━━━━━ Input data ━━━━━

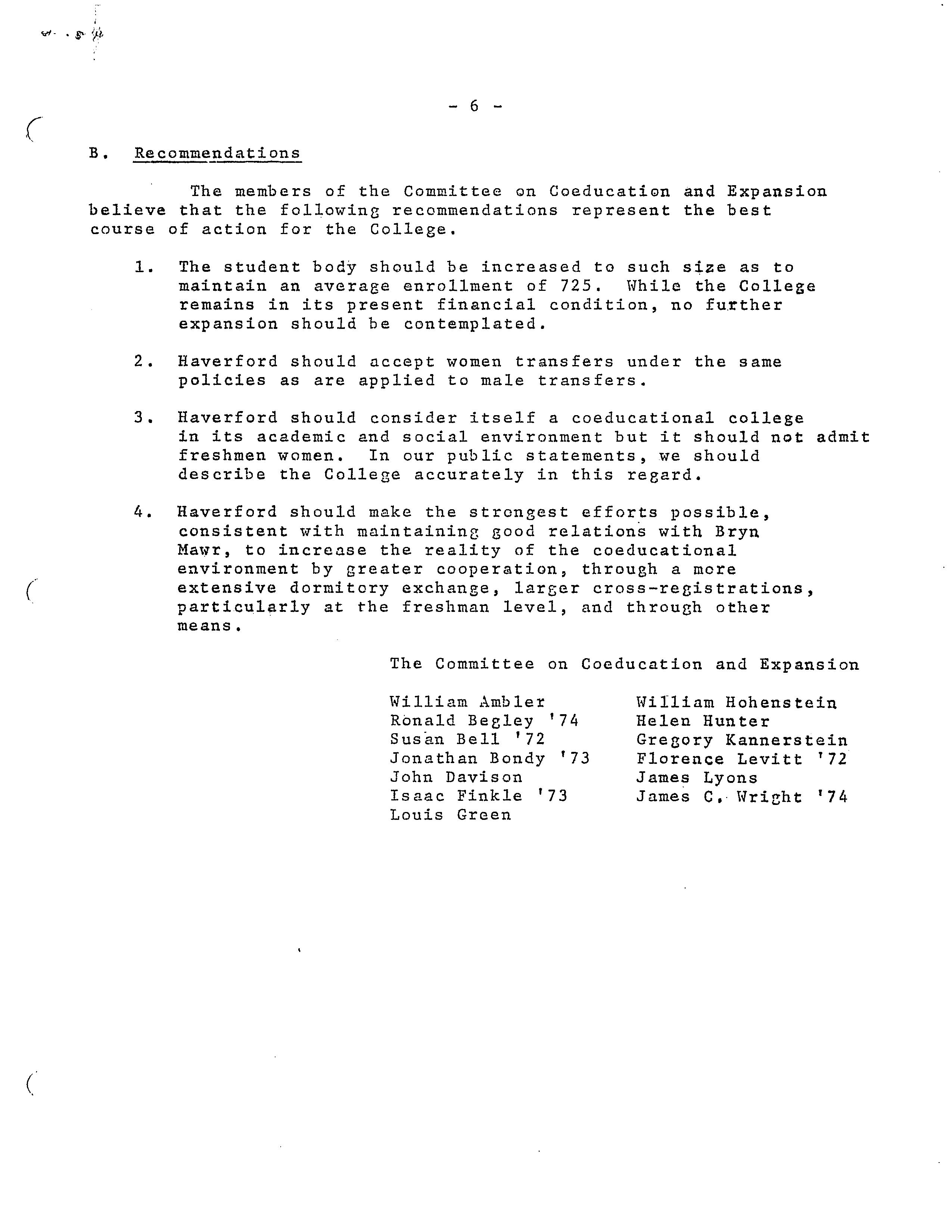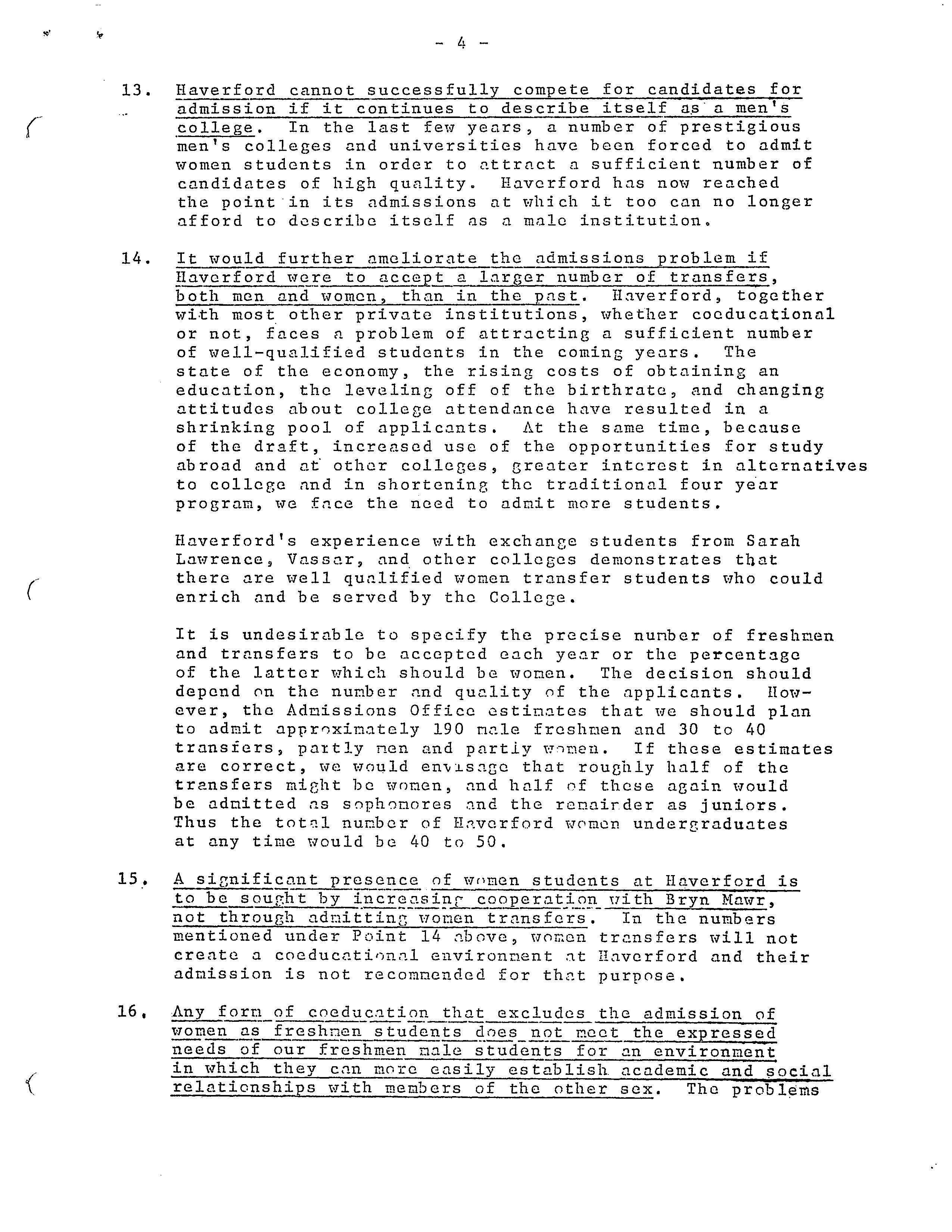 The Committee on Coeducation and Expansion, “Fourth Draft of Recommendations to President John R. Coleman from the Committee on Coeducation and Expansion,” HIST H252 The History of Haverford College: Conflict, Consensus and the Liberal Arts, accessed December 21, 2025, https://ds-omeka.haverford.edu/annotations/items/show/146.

━━━━━
━━━━━ Input data ━━━━━

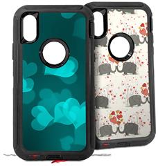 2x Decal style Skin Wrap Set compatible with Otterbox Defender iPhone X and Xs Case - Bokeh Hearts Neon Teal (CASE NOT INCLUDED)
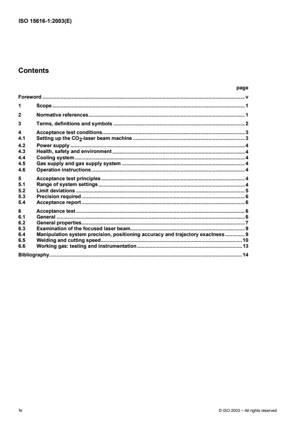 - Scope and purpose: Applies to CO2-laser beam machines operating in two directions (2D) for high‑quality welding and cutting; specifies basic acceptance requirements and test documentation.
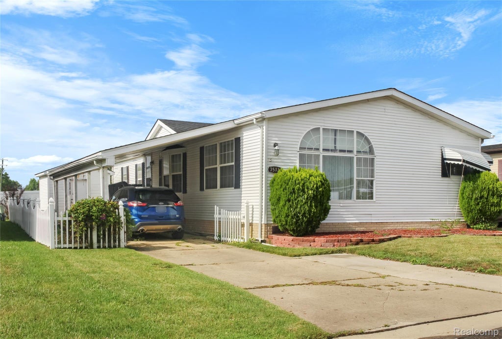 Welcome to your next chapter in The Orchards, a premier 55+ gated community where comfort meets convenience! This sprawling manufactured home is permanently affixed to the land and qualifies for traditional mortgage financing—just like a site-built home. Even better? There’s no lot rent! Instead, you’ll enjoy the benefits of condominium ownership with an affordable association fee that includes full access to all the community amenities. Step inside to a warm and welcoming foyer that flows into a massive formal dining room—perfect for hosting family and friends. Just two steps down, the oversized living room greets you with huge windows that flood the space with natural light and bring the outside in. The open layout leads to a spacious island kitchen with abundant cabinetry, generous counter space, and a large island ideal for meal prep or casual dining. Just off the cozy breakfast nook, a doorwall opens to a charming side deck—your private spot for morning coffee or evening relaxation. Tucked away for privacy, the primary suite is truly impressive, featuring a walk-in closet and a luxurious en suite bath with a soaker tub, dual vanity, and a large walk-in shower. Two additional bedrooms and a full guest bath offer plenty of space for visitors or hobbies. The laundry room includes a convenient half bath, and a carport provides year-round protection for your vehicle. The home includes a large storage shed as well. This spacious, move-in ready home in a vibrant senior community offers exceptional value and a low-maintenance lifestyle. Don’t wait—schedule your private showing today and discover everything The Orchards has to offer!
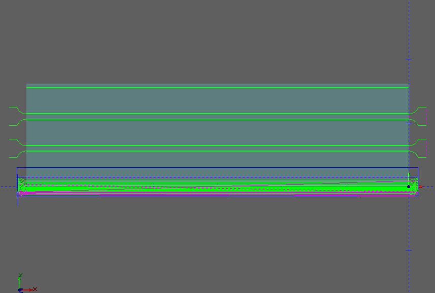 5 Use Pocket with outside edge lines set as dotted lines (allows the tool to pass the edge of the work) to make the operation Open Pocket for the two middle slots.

━━━━━
━━━━━ Input data ━━━━━

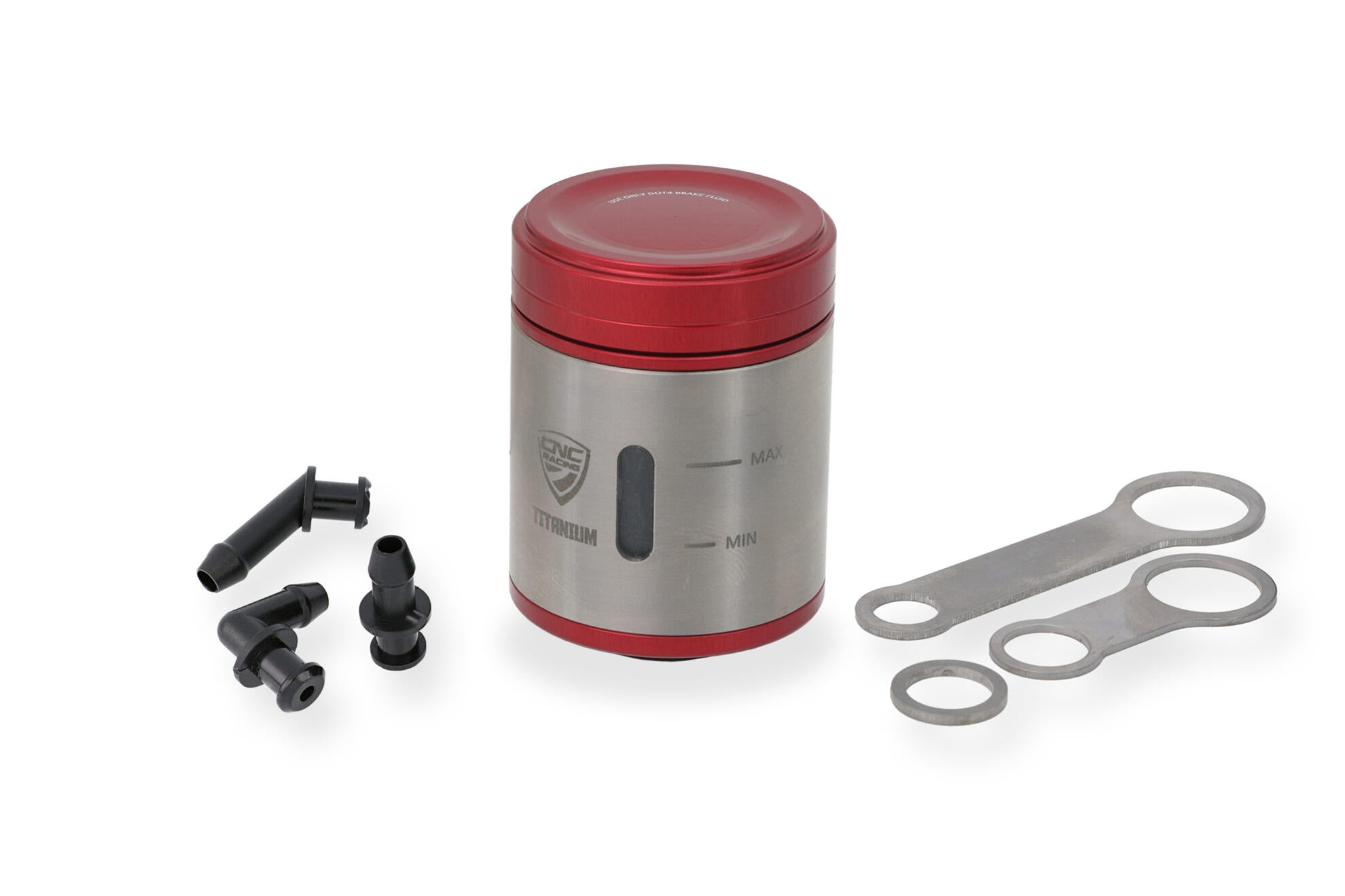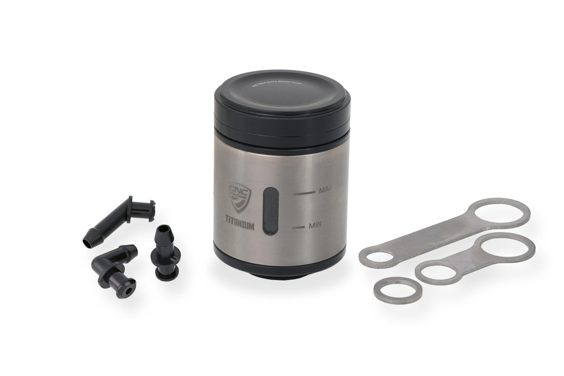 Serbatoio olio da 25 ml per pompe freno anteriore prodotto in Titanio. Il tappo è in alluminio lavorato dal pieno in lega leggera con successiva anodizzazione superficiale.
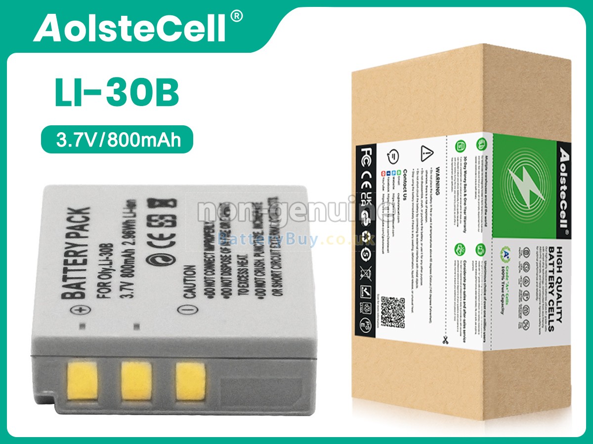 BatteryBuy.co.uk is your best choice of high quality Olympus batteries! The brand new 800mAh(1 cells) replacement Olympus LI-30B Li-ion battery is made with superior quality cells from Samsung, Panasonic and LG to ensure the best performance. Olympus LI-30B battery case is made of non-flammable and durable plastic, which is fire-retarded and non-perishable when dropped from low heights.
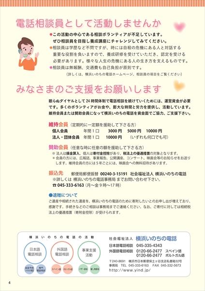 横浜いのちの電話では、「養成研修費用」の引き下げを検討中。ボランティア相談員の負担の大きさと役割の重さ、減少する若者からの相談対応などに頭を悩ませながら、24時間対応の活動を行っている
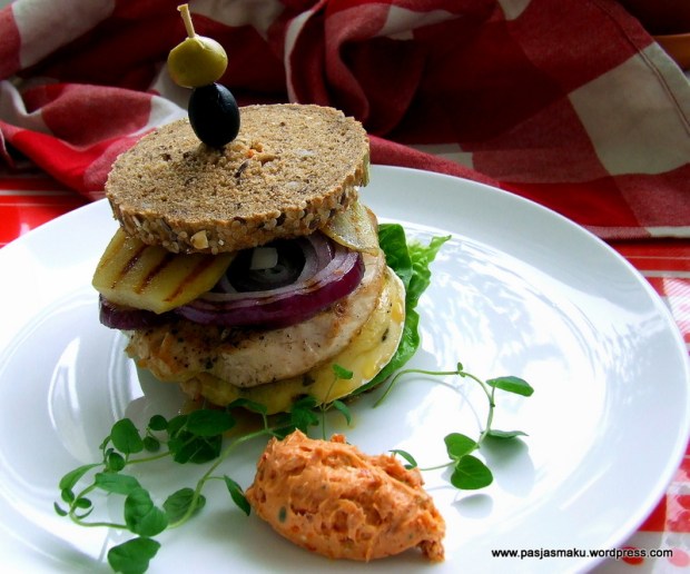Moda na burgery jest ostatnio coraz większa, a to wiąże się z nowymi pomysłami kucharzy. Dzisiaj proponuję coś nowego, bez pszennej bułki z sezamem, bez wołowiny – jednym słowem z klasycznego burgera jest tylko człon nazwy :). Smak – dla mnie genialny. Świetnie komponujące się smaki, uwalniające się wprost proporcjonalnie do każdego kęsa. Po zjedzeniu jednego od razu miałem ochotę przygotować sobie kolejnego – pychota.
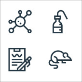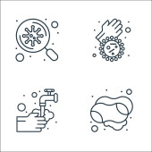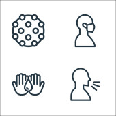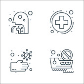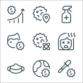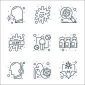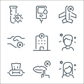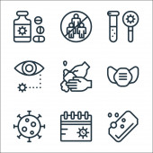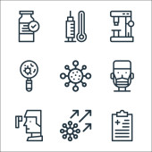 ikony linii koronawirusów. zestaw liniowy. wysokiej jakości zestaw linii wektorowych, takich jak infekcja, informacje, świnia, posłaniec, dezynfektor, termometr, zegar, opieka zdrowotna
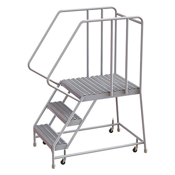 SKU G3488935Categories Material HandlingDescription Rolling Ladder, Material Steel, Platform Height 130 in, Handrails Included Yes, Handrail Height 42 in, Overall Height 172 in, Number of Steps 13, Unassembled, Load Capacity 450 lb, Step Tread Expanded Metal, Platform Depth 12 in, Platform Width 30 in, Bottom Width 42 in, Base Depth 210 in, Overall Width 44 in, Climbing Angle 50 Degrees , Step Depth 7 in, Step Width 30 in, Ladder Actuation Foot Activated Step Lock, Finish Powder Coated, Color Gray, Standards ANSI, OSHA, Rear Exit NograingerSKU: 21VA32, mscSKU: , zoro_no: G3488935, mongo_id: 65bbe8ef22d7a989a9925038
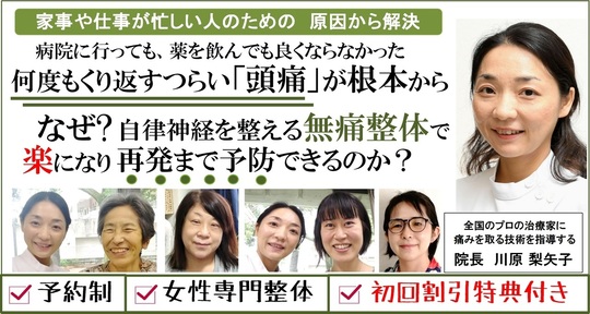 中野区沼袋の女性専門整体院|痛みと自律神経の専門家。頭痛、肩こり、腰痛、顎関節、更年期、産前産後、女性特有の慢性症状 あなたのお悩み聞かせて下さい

━━━━━

Skip every picture, and restate word for word only the lines above from the line containing "BatteryBuy.co.uk is your" to the line containing "ikony linii koronawirusów.", both of them included.

 BatteryBuy.co.uk is your best choice of high quality Olympus batteries! The brand new 800mAh(1 cells) replacement Olympus LI-30B Li-ion battery is made with superior quality cells from Samsung, Panasonic and LG to ensure the best performance. Olympus LI-30B battery case is made of non-flammable and durable plastic, which is fire-retarded and non-perishable when dropped from low heights.
 横浜いのちの電話では、「養成研修費用」の引き下げを検討中。ボランティア相談員の負担の大きさと役割の重さ、減少する若者からの相談対応などに頭を悩ませながら、24時間対応の活動を行っている
Moda na burgery jest ostatnio coraz większa, a to wiąże się z nowymi pomysłami kucharzy. Dzisiaj proponuję coś nowego, bez pszennej bułki z sezamem, bez wołowiny – jednym słowem z klasycznego burgera jest tylko człon nazwy :). Smak – dla mnie genialny. Świetnie komponujące się smaki, uwalniające się wprost proporcjonalnie do każdego kęsa. Po zjedzeniu jednego od razu miałem ochotę przygotować sobie kolejnego – pychota.
 ikony linii koronawirusów. zestaw liniowy. wysokiej jakości zestaw linii wektorowych, takich jak infekcja, informacje, świnia, posłaniec, dezynfektor, termometr, zegar, opieka zdrowotna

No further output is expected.